The spritely frolic “Ni Caso Tiene” represents one of the miracles of recent banda: lush polkas. The band takes polka’s loping oompahs and makes them flourish with richer chord changes and a virtuosity that’s almost gimmicky. I mean, the sheer amount of stuff bouncing across the horn lines is hard to believe. Kudos to whichever trombonist landed those little 16th note triplets after the chorus. This is how the band “makes history” two ways: they inhabit the sound of 75 years ago while making it immediate, urgent, and likely to stick around. Their take on traditional music sounds like today.

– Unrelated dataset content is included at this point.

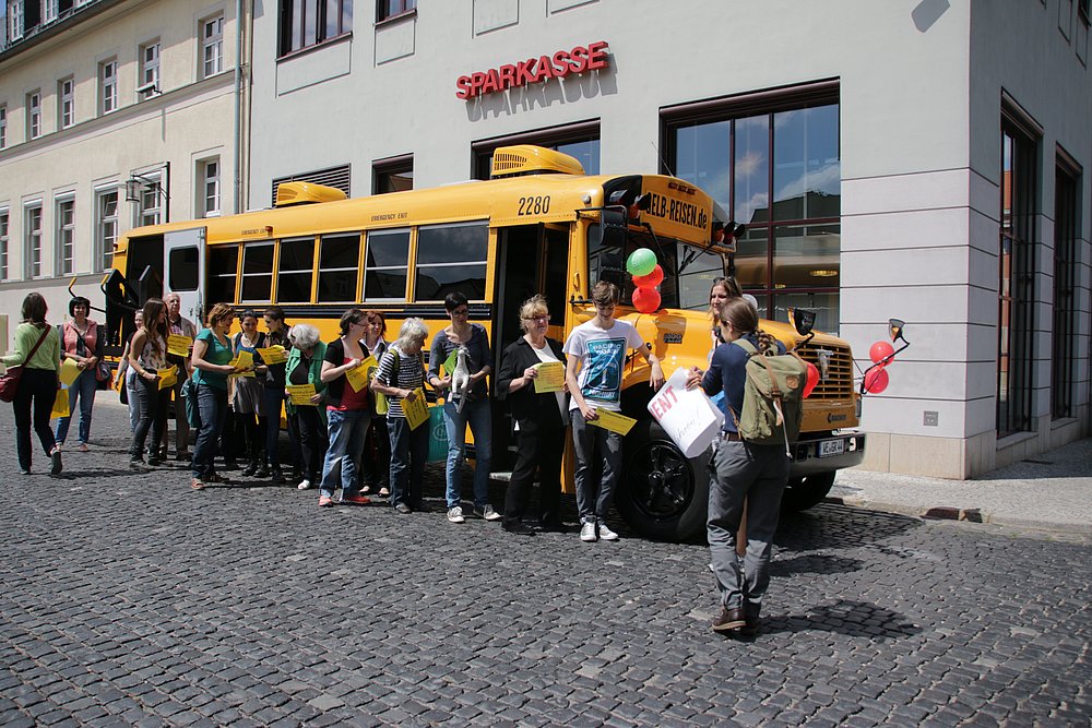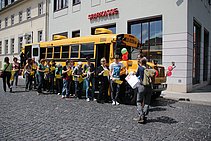 Er stieg an Bord des gelben, original amerikanischen Schulbusses zusammen mit Anja Pfotenhauer, die das Projekt Weimars gute Nachbarn koordiniert und mit vielen anderen Freiwilligen, um auf Stadtrundfahrt und Werbetour für freiwilliges Engagement zu gehen.

The next two ballads, “Consequencia de Mis Actos” and “Creí”, have huge choruses and sound like future singles. My money’s on “Creí” and its magic chord changes because I already walk around singing it, even though the only word I reliably get right is “besos”. Ending this auspicious bunch is “El Rosario de Oro”, whose gorgeous melody bridges a rapid-fire stream of waltzing horns, a nice contrast. After that the album starts going downhill, almost imperceptibly until you notice you’re planning dinner and you can’t remember the song you just heard. By the time closing cumbia “El Nini” rolls around, its “ooo-ee! ooo-ee!” hiccups feel like desperate pleas for attention. Of course, Banda el Recodo doesn’t need to sound desperate, but they also don’t need to get an A+ on every album. You probably don’t make it to 75 years old without some calculated slacking off.